TASK GOAL:
Copy out the listing below exactly, please, and skip any pictures.

STORED DATA:
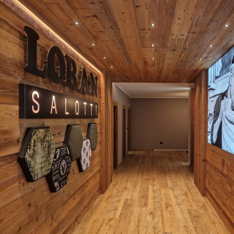 Policarbonato e striscia led sul retro per illuminazione. Fissaggio su rivestimento in legno mediante sottostruttura a scomparsa sia per lettere in rilievo sia per cassonetto inferiore scatolato.
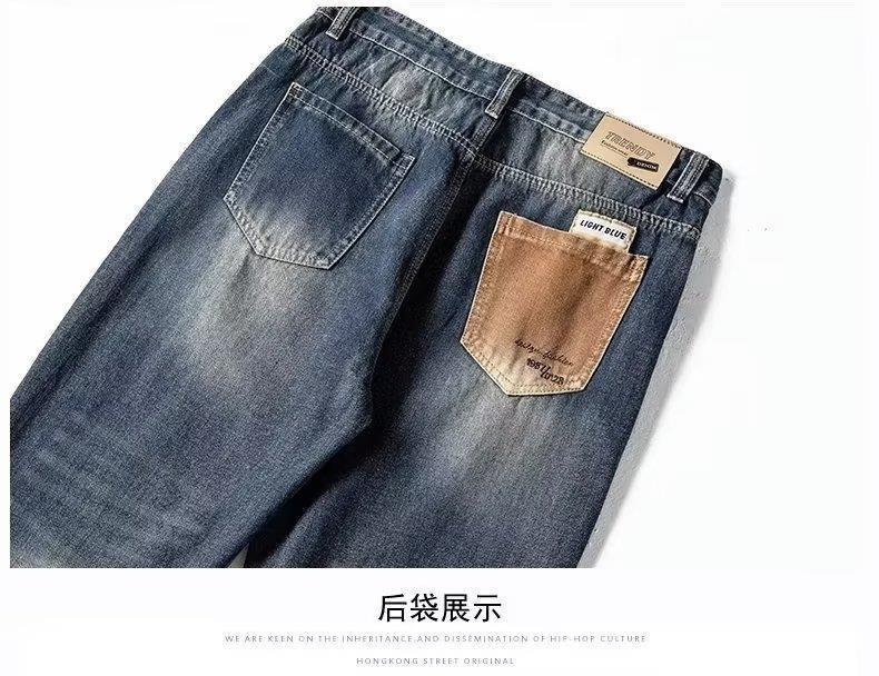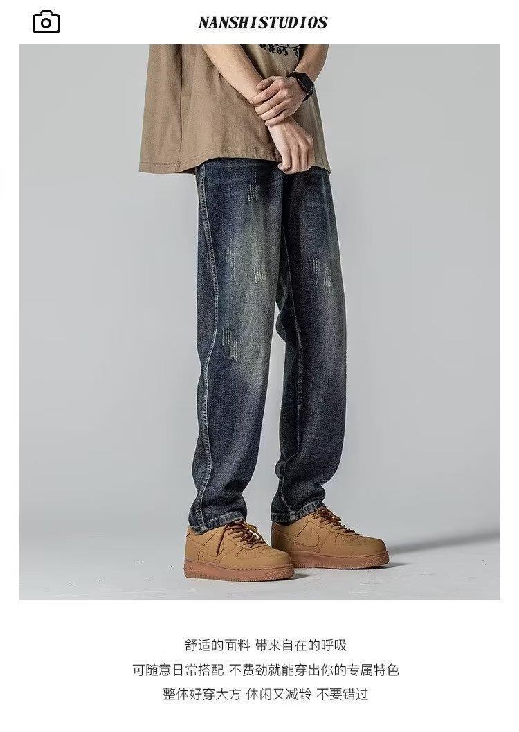 미국 가을 새로운 하이 스트리트 청바지 남성용 스트레이트 루즈 스키니 팬츠 트렌디 브랜드 올매치 와이드 레그 캐주얼 바지스토어 가기
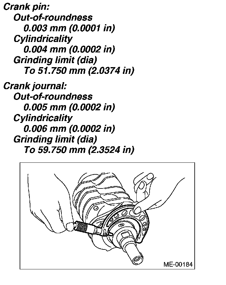 3. Inspect the crank journal and crank pin for wear. If they are not within the specifications, replace the bearing with a suitable (undersize) one, and replace or recondition crankshaft as necessary. When grinding the crank journal or crank pin, finish them to the specified dimensions according to the undersize bearing to be used.

OUTPUT FOR THIS TASK:
 Policarbonato e striscia led sul retro per illuminazione. Fissaggio su rivestimento in legno mediante sottostruttura a scomparsa sia per lettere in rilievo sia per cassonetto inferiore scatolato.
 미국 가을 새로운 하이 스트리트 청바지 남성용 스트레이트 루즈 스키니 팬츠 트렌디 브랜드 올매치 와이드 레그 캐주얼 바지스토어 가기
 3. Inspect the crank journal and crank pin for wear. If they are not within the specifications, replace the bearing with a suitable (undersize) one, and replace or recondition crankshaft as necessary. When grinding the crank journal or crank pin, finish them to the specified dimensions according to the undersize bearing to be used.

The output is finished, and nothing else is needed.